Thanks to modern medicine, many of us are living longer than ever before. Unfortunately, however, this doesn’t always mean we’re able to work longer than ever before. As we age, our health and earning potential can deteriorate, forcing us to retire. Even if this doesn’t happen, many of us are forced to reduce our work hours, or stop work entirely, to take care of aging parents or relatives. It’s critical, therefore, to have a solid retirement plan for yourself before starting to set aside money for your children whether or not they’re blind or disabled. A solid retirement plan is the best way to ensure that you’re not forced to depend on your adult children to help you financially during your retirement; something that could cost them a great deal more than paying off their own debts.

 

When should I open an ABLE account for my child?

 

If you’ve created a budget and a solid retirement plan, and your budget still shows that you have extra income left over, then it might be the right time to open an ABLE account for your child. If you’re able too, opening an ABLE account as soon as your child’s blindness or disability is diagnosed will earn her the most compound interest possible before she may need to begin spending the money in the account.

 

The following table shows you how much your child will have if you contribute a small amount each month until she turns 26 and her ABLE account earns a reasonable interest rate:

 

Amount/Month 4% 6% 8% 12%
$25 $13,682 $18,701 $26,660 $53,245
$50 $27,364 $37,403 $52,120 $106,409
$100 $54,729 $74,807 $104,241 $212,981

 

When should I open an ABLE account for myself?

 

If you became blind or disabled before you turned 26, then you’re eligible to open an ABLE account.
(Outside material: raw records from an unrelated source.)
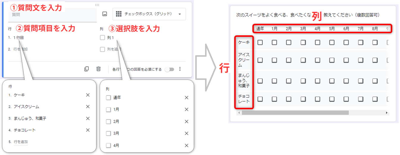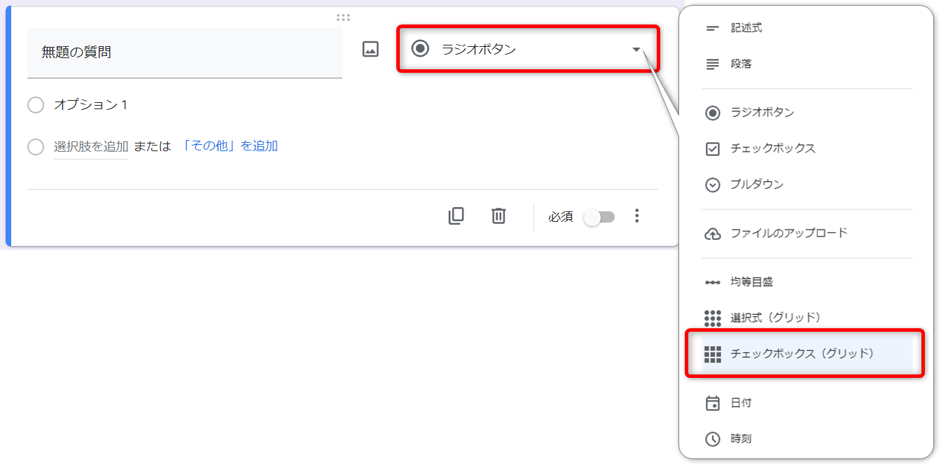 チェックボックス(グリッド)は、いくつかの質問に対して、同じ選択肢を提示するときに使うと良いでしょう。
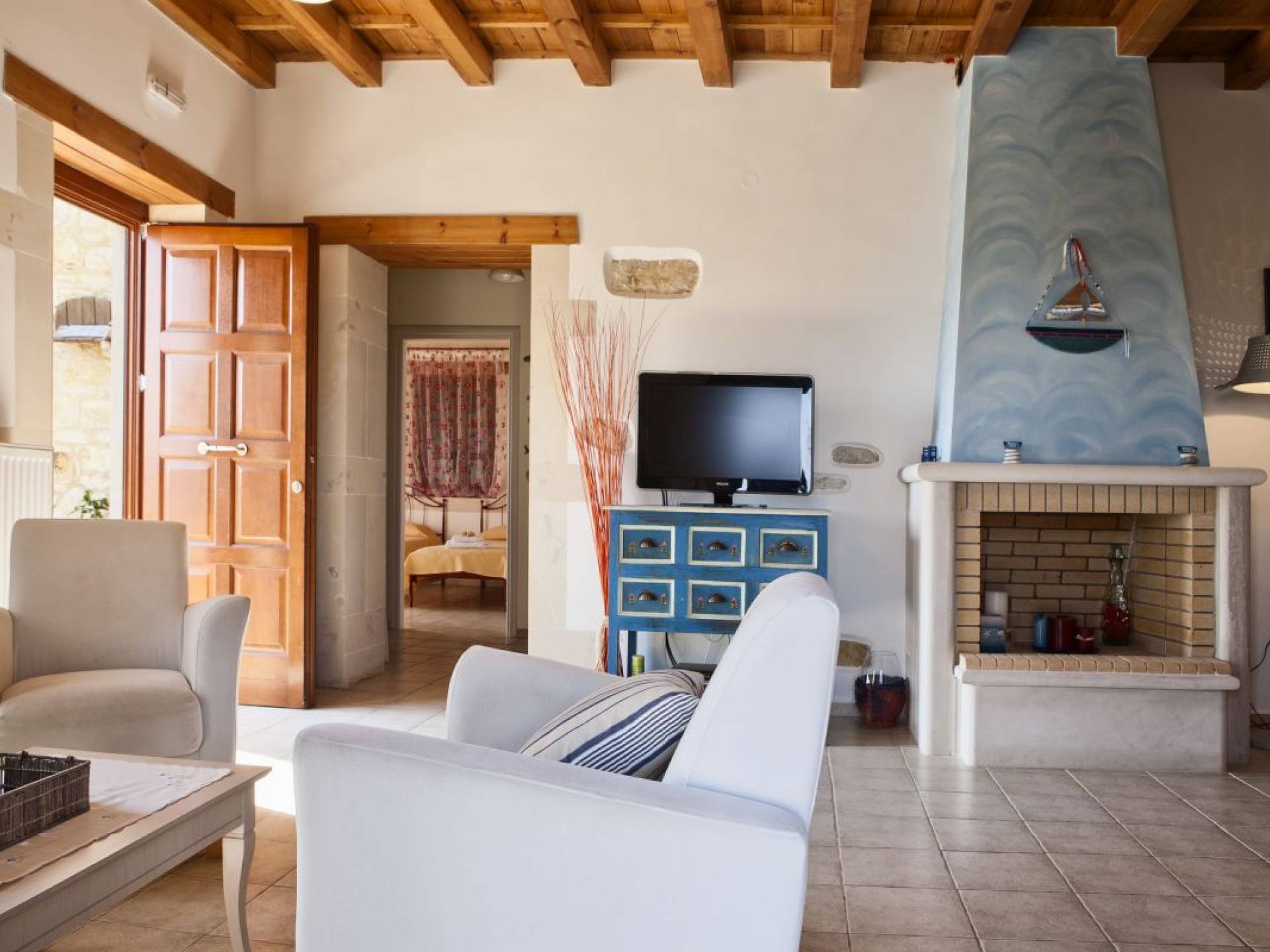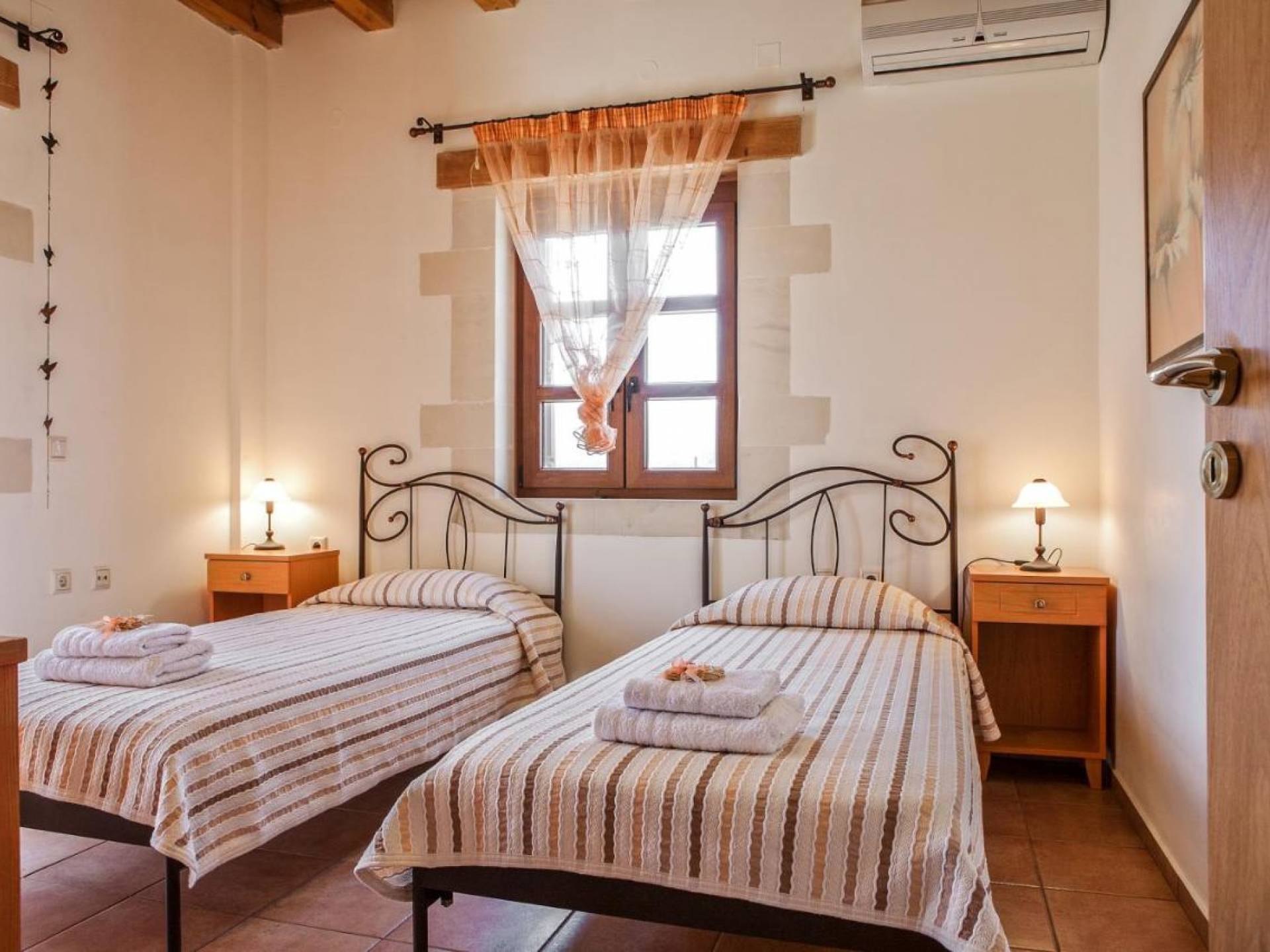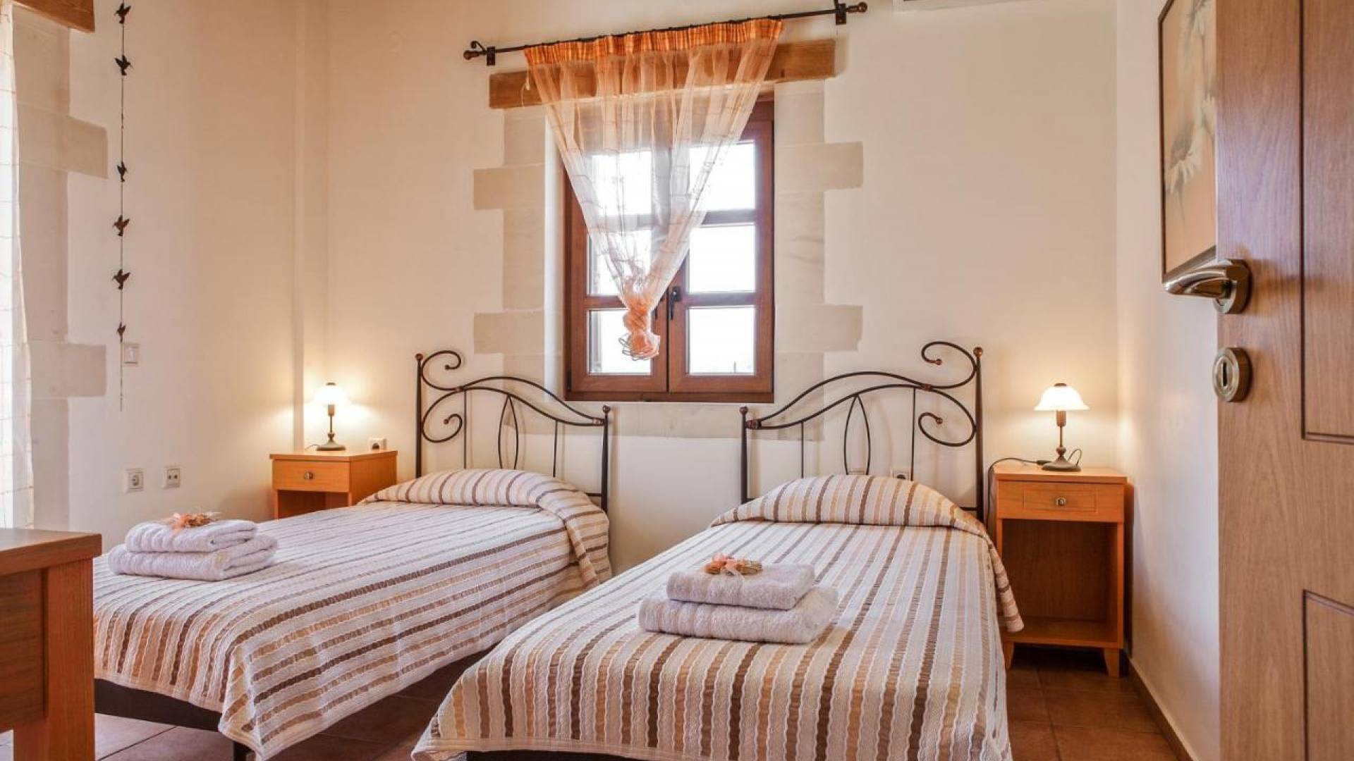 Overview: Villa Arodamos Rethymno consisting of 2 nearby twin-buildings (10meters away), a total of 240 m2 buildings in a land of 8.000 m2, 9 bedrooms, 8.000m2 plot, with pool. Each building offers a Ground floor: On the ground floor from the main entrance, we enter into a big area combining: dining area, living room area with fireplace and a fully equipped open plan kitchen. Also a twin bed bedroom and a bedroom with double bed, both with balcony. We also find a full bathroom (WC/shower room/washing machine).
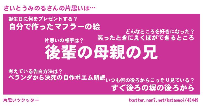 | ヘコむあだ名 | 『さいふぇ~』『つくし』『さいっ子』 |
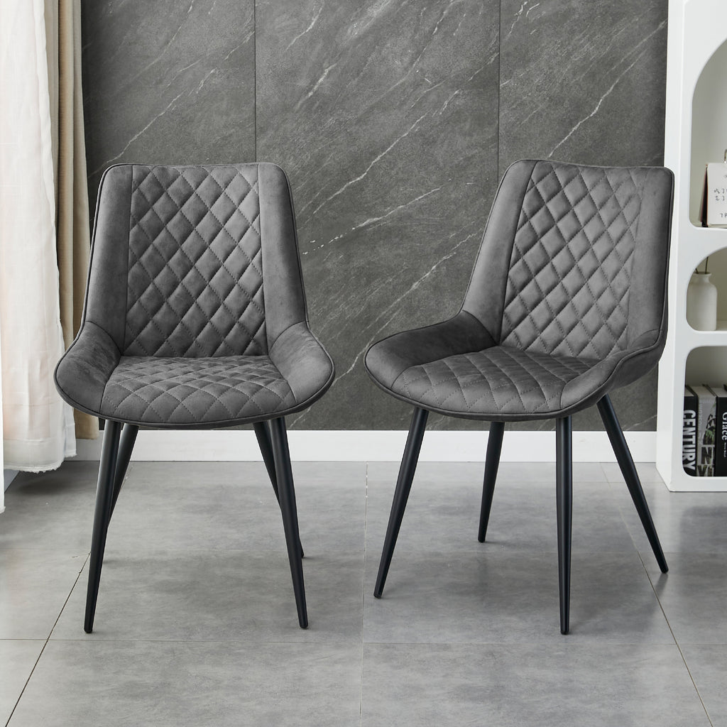 The Tyler Fabric Dining Chair effortlessly combines modern elegance with a touch of mid-century charm, making it a perfect addition to your dining area. Featuring a plush fabric, each chair is adorned with a detailed diamond quilting pattern on the backrest and seat, adding a layer of sophistication and visual interest. The soft, padded seat ensures comfort during long dinners or engaging conversations. Supported by sleek, black metal legs that provide stability and a striking contrast, these chairs not only offer a chic aesthetic but also boast durability. The Tyler Fabric Dining Chair is designed to elevate any dining space with its stylish appearance and inviting ambiance. Whether used for casual family meals or formal gatherings, these chairs are sure to impress with their comfort and design.
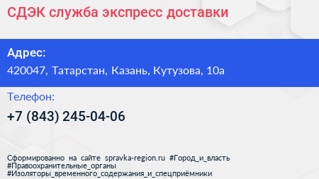 СДЭК, служба экспресс-доставки по адресу 420047, Татарстан, Казань, Кутузова, 10а в дальнейшем Организация, размещена в следующих категориях:
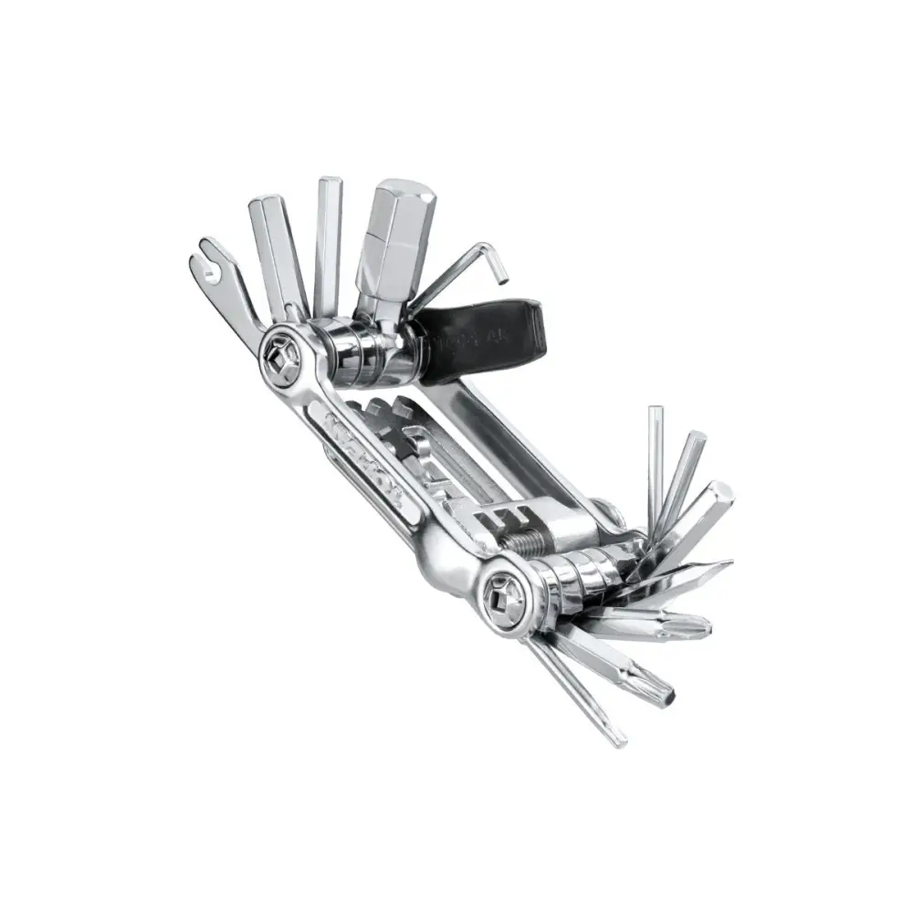 A precision full metal 23 function mini tool made to handle any road or trailside repair. T10 and T25 Torx wrenches simplify hydraulic disc brake work. Includes self-tightening tool and a neoprene bag. The perfect tool for endurance racing, training and touring.

If you’ve created a budget for yourself and it shows that you have extra money available to save, then it might be the right time to open an ABLE account. Opening one as early as you can gives it the longest possible time to grow before you need it. It can be tempting to procrastinate, especially when we’re young and just starting to earn our own money. Compound interest, however, lets us turn a small contribution into a large nest egg later in life. Delaying for too long makes it significantly harder to save the same size nest egg. If you’re able to, consider opening an ABLE account now. You may thank yourself for it later.

 

Where can I learn more?

 

In The final part of our series on ABLE Accounts, We’ll provide a detailed answer to this question. In the meantime, the ABLE National Resource Center provides a great deal of information on ABLE accounts. It also provides information about, and links to, all of the state ABLE account programs available. It can be complicated to navigate, but it is generally accessible with a screen reader.